StarRocks / starrocks

StarRocks, a Linux Foundation project, is a next-generation sub-second MPP OLAP database for full analytics scenarios, including multi-dimensional analytics, real-time analytics, and ad-hoc queries.
https://starrocks.io
Apache License 2.0
8.29k stars 1.68k forks source link

starrocks pipeline connector date format bug #37506

Open dickson-bit opened 6 months ago

dickson-bit commented 6 months ago

component: flink-cdc-pipeline-starrocks

code: https://github.com/ververica/flink-cdc-connectors/blob/master/flink-cdc-connect/flink-cdc-pipeline-connectors/flink-cdc-pipeline-connector-starrocks/src/main/java/com/ververica/cdc/connectors/starrocks/sink/StarRocksUtils.java#L115

Flink version 1.18

Flink CDC version 3.0.0

Database and its version starrocks 3.2.0

Minimal reproduce step sync some tables from mysql to starrocks, which have date type fields.
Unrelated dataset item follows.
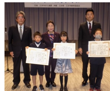
11月26日(日)まちづくりセンターで表彰式がありました。

1月7日(日)~26日(金) 「吉舎歴史民俗資料館」に 展示されます。 また、同じ期間「あーとあ いきさ」にて、町内の園児・ 小学生の作品を展示いた だきます。

What did you expect to see? log the error data info, continue to process the next record.

023-12-21 11:11:09,599 WARN org.apache.flink.runtime.taskmanager.Task [] - PostPartition -> Sink Writer: StarRocks Sink -> Sink Committer: StarRocks Sink (2/2)#0 (57480a1a94083a09b2fd3ddb06db45e4_0deb1b26a3d9eb3c8f0c11f7110b2903_1_0) switched from RUNNING to FAILED with failure cause: java.lang.ArrayIndexOutOfBoundsException: 35 at sun.util.calendar.BaseCalendar.getCalendarDateFromFixedDate(BaseCalendar.java:453) ~[?:1.8.0_372] at java.util.GregorianCalendar.computeFields(GregorianCalendar.java:2393) ~[?:1.8.0_372] at java.util.GregorianCalendar.computeFields(GregorianCalendar.java:2308) ~[?:1.8.0_372] at java.util.Calendar.setTimeInMillis(Calendar.java:1804) ~[?:1.8.0_372] at java.util.Calendar.setTime(Calendar.java:1770) ~[?:1.8.0_372] at java.text.SimpleDateFormat.format(SimpleDateFormat.java:943) ~[?:1.8.0_372] at java.text.SimpleDateFormat.format(SimpleDateFormat.java:936) ~[?:1.8.0_372] at java.text.DateFormat.format(DateFormat.java:345) ~[?:1.8.0_372] at com.ververica.cdc.connectors.starrocks.sink.StarRocksUtils.lambda$createFieldGetter$60c5a152$9(StarRocksUtils.java:171) ~[flink-cdc-pipeline-connector-starrocks-3.0.0.jar:3.0.0] at com.ververica.cdc.connectors.starrocks.sink.StarRocksUtils.lambda$createFieldGetter$21edff26$1(StarRocksUtils.java:204) ~[flink-cdc-pipeline-connector-starrocks-3.0.0.jar:3.0.0] at com.ververica.cdc.connectors.starrocks.sink.EventRecordSerializationSchema.serializeRecord(EventRecordSerializationSchema.java:134) ~[flink-cdc-pipeline-connector-starrocks-3.0.0.jar:3.0.0] at com.ververica.cdc.connectors.starrocks.sink.EventRecordSerializationSchema.applyDataChangeEvent(EventRecordSerializationSchema.java:116) ~[flink-cdc-pipeline-connector-starrocks-3.0.0.jar:3.0.0] at com.ververica.cdc.connectors.starrocks.sink.EventRecordSerializationSchema.serialize(EventRecordSerializationSchema.java:78) ~[flink-cdc-pipeline-connector-starrocks-3.0.0.jar:3.0.0] at com.ververica.cdc.connectors.starrocks.sink.EventRecordSerializationSchema.serialize(EventRecordSerializationSchema.java:45) ~[flink-cdc-pipeline-connector-starrocks-3.0.0.jar:3.0.0] at com.starrocks.connector.flink.table.sink.v2.StarRocksWriter.write(StarRocksWriter.java:139) ~[flink-cdc-pipeline-connector-starrocks-3.0.0.jar:3.0.0] at org.apache.flink.streaming.runtime.operators.sink.SinkWriterOperator.processElement(SinkWriterOperator.java:161) ~[flink-dist-1.18.0.jar:1.18.0] image

dickson-bit commented 6 months ago

image I don't know why do we use DATETIME_FORMATTER and DATE_FORMATER, two format class。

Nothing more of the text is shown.